= Beginning of Section =

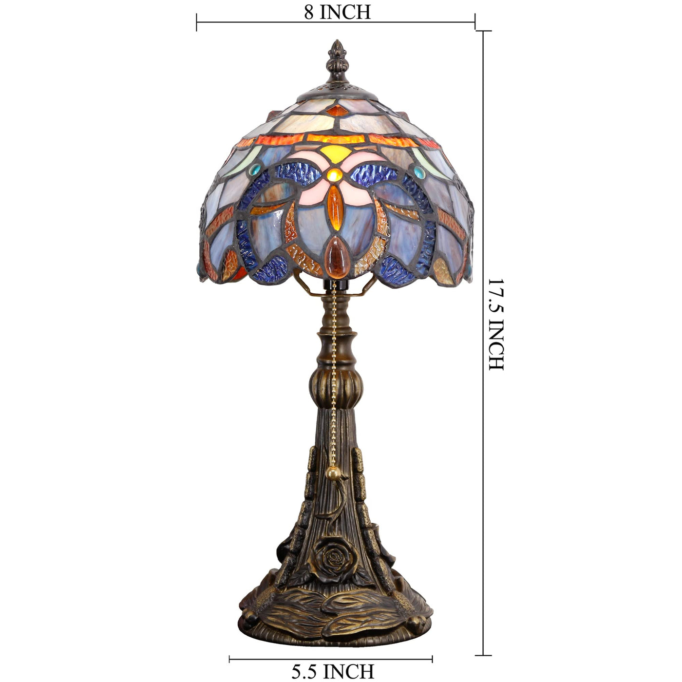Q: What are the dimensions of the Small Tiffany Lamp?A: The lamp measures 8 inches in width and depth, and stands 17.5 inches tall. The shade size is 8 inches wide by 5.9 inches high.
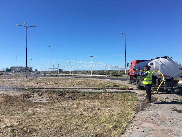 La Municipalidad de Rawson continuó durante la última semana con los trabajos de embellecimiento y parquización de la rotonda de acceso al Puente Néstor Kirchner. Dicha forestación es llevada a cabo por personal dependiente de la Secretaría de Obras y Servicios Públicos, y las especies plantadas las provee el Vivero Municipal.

= End of Section =
= Beginning of Section =

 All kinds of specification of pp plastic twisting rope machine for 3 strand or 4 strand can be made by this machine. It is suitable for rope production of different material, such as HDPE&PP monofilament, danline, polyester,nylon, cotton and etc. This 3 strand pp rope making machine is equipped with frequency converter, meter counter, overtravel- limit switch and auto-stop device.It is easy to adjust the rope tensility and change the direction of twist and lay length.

= End of Section =
= Beginning of Section =

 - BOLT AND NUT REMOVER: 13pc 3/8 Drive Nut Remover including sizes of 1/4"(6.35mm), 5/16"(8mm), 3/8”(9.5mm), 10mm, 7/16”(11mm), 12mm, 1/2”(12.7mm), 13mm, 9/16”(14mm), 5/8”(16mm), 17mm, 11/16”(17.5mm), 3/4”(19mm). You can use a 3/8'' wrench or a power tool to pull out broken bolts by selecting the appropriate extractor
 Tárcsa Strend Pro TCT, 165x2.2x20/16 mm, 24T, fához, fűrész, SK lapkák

= End of Section =

## [PROBLEM STATEMENT]
Beginning with the line containing "- BOLT AND NUT" in the material above, copy every line exactly until you have copied the line containing "Tárcsa Strend Pro".

## [EXERCISE SOLUTION]
 - BOLT AND NUT REMOVER: 13pc 3/8 Drive Nut Remover including sizes of 1/4"(6.35mm), 5/16"(8mm), 3/8”(9.5mm), 10mm, 7/16”(11mm), 12mm, 1/2”(12.7mm), 13mm, 9/16”(14mm), 5/8”(16mm), 17mm, 11/16”(17.5mm), 3/4”(19mm). You can use a 3/8'' wrench or a power tool to pull out broken bolts by selecting the appropriate extractor
 Tárcsa Strend Pro TCT, 165x2.2x20/16 mm, 24T, fához, fűrész, SK lapkák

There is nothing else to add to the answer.